Our story begins in 2016, 41 years after the end of the Vietnam war. We meet Phong, a black Amerasian, trying to obtain American visas for himself and his family under the Amerasian Homecoming Act. Phong was abandoned at an orphanage as a child, where he was cared for by a nun, until she died. He suffers much abuse and ridicule because his skin colour marks him as a “child of the enemy” and the “dust of the earth”. In his search for his parents, Phong meets Dan, a white American veteran who returns to Vietnam in 2016, haunted by a pregnant lover he abandoned in 1969.

Simultaneously, this story takes us back to 1969, in the heat of the Vietnam war and American occupation. Sisters, Quỳnh and Trang work in their family’s rice fields while living in fear of the war, and lenders to whom their parents owe a great debt. When a family friend returns from the city, Sai Gon, having amassed wealth, these sisters follow this family friend to work.

They go to work as Sai Gon Tea Girls, bar girls who provide American soldiers with company. In exchange, these soldiers buy them glasses of tea as payment. There is also a hidden backroom where girls can offer sexual services to these soldiers for higher payment.

It is in this club where Dan meets Kim, his pregnant lover, who is later revealed as Trang. Trang falls deeply in love with Dan, and they live an idyllic life together until Dan is traumatized by the war. He abuses her, and eventually abandons her.

“I’ve been thinking … violence is a poison. When you commit violence or witness it, it rots you.”

Nguyễn Phan Quế Mai from ‘Dust Child’

With these three characters, the author weaves a powerful story of complex characters who are all casualties of senseless violence. Despite the focus on Dan’s trauma, the author never loses sight of the real victims of this war- the Vietnamese and the Amerasian children left behind. She employs masterful, poetic language to convey how devastating war is to humanity. We empathize with these characters, and eventually, there is reconciliation and healing.

I was initially confused at the way Phong’s story runs parallel to Dan’s and Trang’s and was pleasantly surprised by the revelation at the end. I will say though, the first 100 pages where these characters are apart can make you give up on this story prematurely. It is a long, but worthy wait.

“There had been days when the starlight had been concealed from her eyes by clouds and storms. But she knew such light was always there. Bright and inextinguishable.”

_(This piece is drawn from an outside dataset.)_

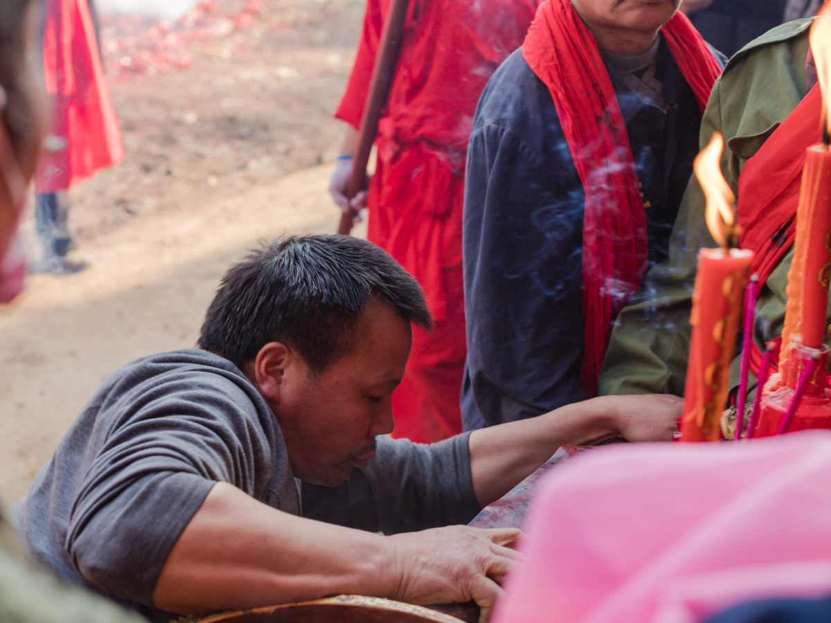 黄陂神秘民俗“僵狮子”。游狮之前,数个壮年男性穿黄、红马褂,跪在“头人”家堂屋里,头緾红巾,四周锣鼓齐敲鞭炮轰鸣,持续数十余分钟,只见头缠红巾者(偶有旁观者)猛然立起,不住抖动,口中念念有词,好象自称自已是刚下凡的某神,意识迷糊,力大无穷,接连会僵下几个“马脚”(也有的村叫“将军”),被僵者有的玩狮子,有的玩棍,有的指路,可数小时不累,途中有的“马脚”如神灵附体,不停击打香案祈福。于是游狮活动开始。摄于2018年3月武汉黄陂罗汉寺。

Nguyễn Phan Quế Mai from ‘Dust Child’

This author is truly one of my favourite authors. I read “The Mountains Sing” in 2021 by her, and reading “Dust Child” has solidified her as an auto-buy for me. Her novels have taught me all that I know about the Vietnam war, and pushed me to find out more of this atrocity. In Dust Child, she brings her signature poetic style to a forgotten legacy of the Vietnam war. Truly, she is proof that you can entertain and teach.